Three “sly, self-knowing, and hilarious” novellas from the highly acclaimed author of The Lost Language of Cranes (The New York Times).
Here are three novellas of escape and exile, touching and funny and at times calculatedly outrageous. In “Saturn Street,” a disaffected LA screenwriter delivers lunches to homebound AIDS patients, only to find himself falling in love with one of them. In “The Wooden Anniversary,” Nathan and Celia—familiar characters from Leavitt’s story collections—reunite after a five-year separation. And in "The Term-Paper Artist," a writer named David Leavitt, hiding out at his father’s house in the aftermath of a publishing scandal, experiences literary rejuvenation when he agrees to write term papers for UCLA undergraduates in exchange for sex.
“Confessional, audacious and outrageous . . . This is classic Leavitt—writing with subtlety, maturity and compassion about the complexity and fragility of human relationships.” —Los Angeles Times Book Review
David Leavitt’s first collection of stories, Family Dancing, a finalist for both the National Book Critics Circle Award and the PEN/Faulkner Prize, was published when he was just twenty-three.
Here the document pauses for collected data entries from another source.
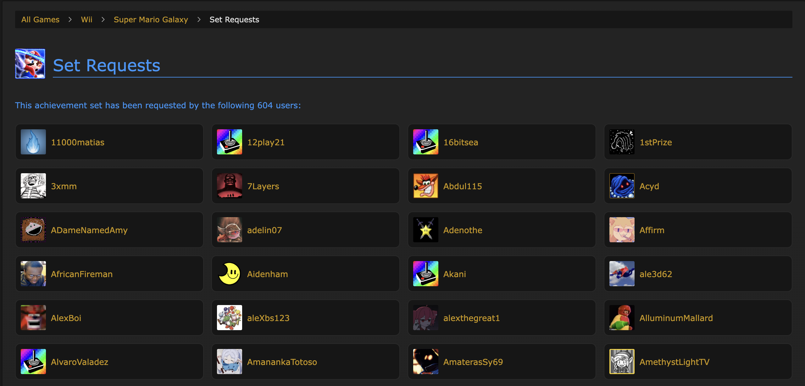 Note: All achievement developers are volunteers. Requesting a set gives no guarantee that achievements will be made. The purpose of the request feature is to give developers visibility to what players want most. You might also consider making achievement suggestions on a game's forum page to help get a set off the ground.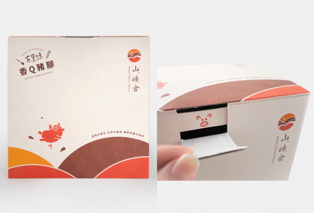 黑圈設計 oran design為良誠事業商行設計豬腳禮盒,搭配品牌簡約的風格,將傳統大紅色、豬腳圖的豬腳禮盒,改為簡約、可愛的小豬圖樣,更在開封處搭配一張可愛的小豬臉,顛覆傳統豬腳禮盒的設計。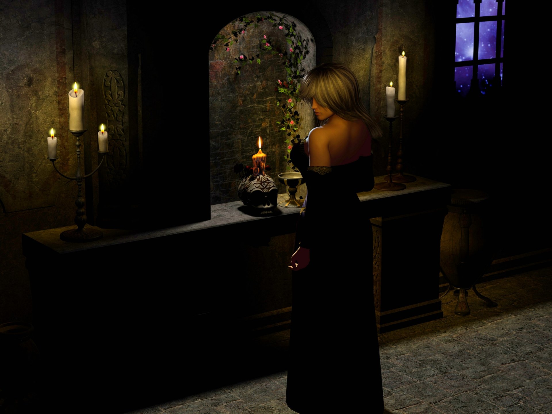 Kobieta w czarnej gotyckiej sukience na tle latających motyli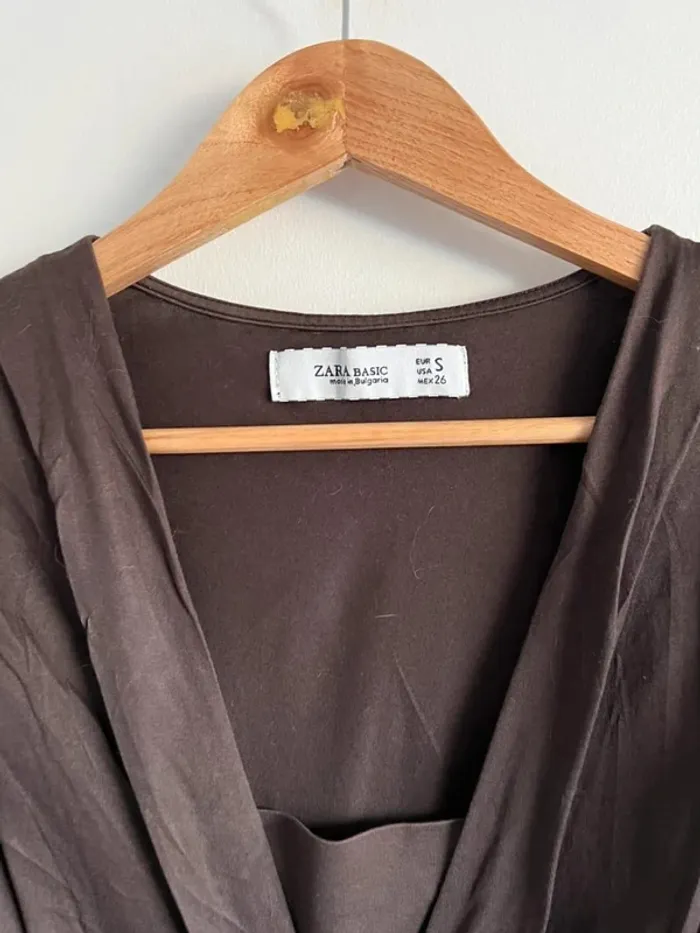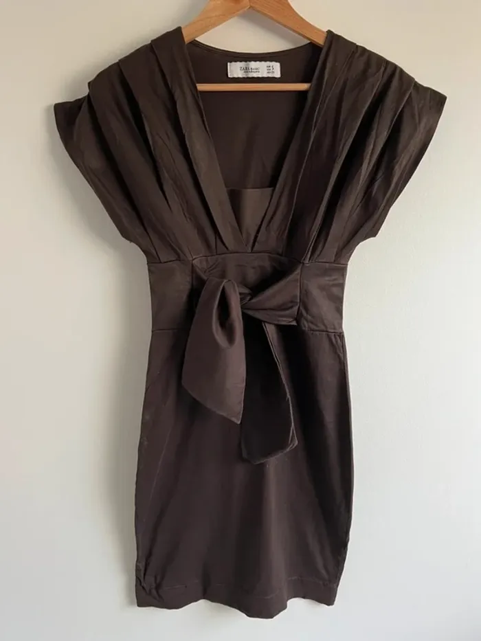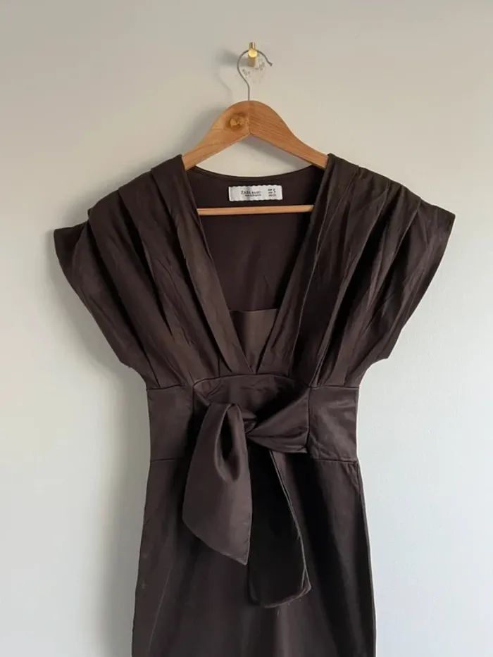 Robe Zara marron chocolat Haut effet plissé Noeud sur l'avant au niveau de la taille Taille S

The Lost Language of Cranes was made into a BBC film, and While England Sleeps was shortlisted for the Los Angeles Times Fiction Prize. With Mark Mitchell, he coedited The Penguin Book of Gay Short Stories and Pages Passed from Hand to Hand, and cowrote Italian Pleasures. Leavitt is a recipient of fellowships from both the John Simon Guggenheim Foundation and the National Endowment for the Arts. He divides his time between Italy and Florida.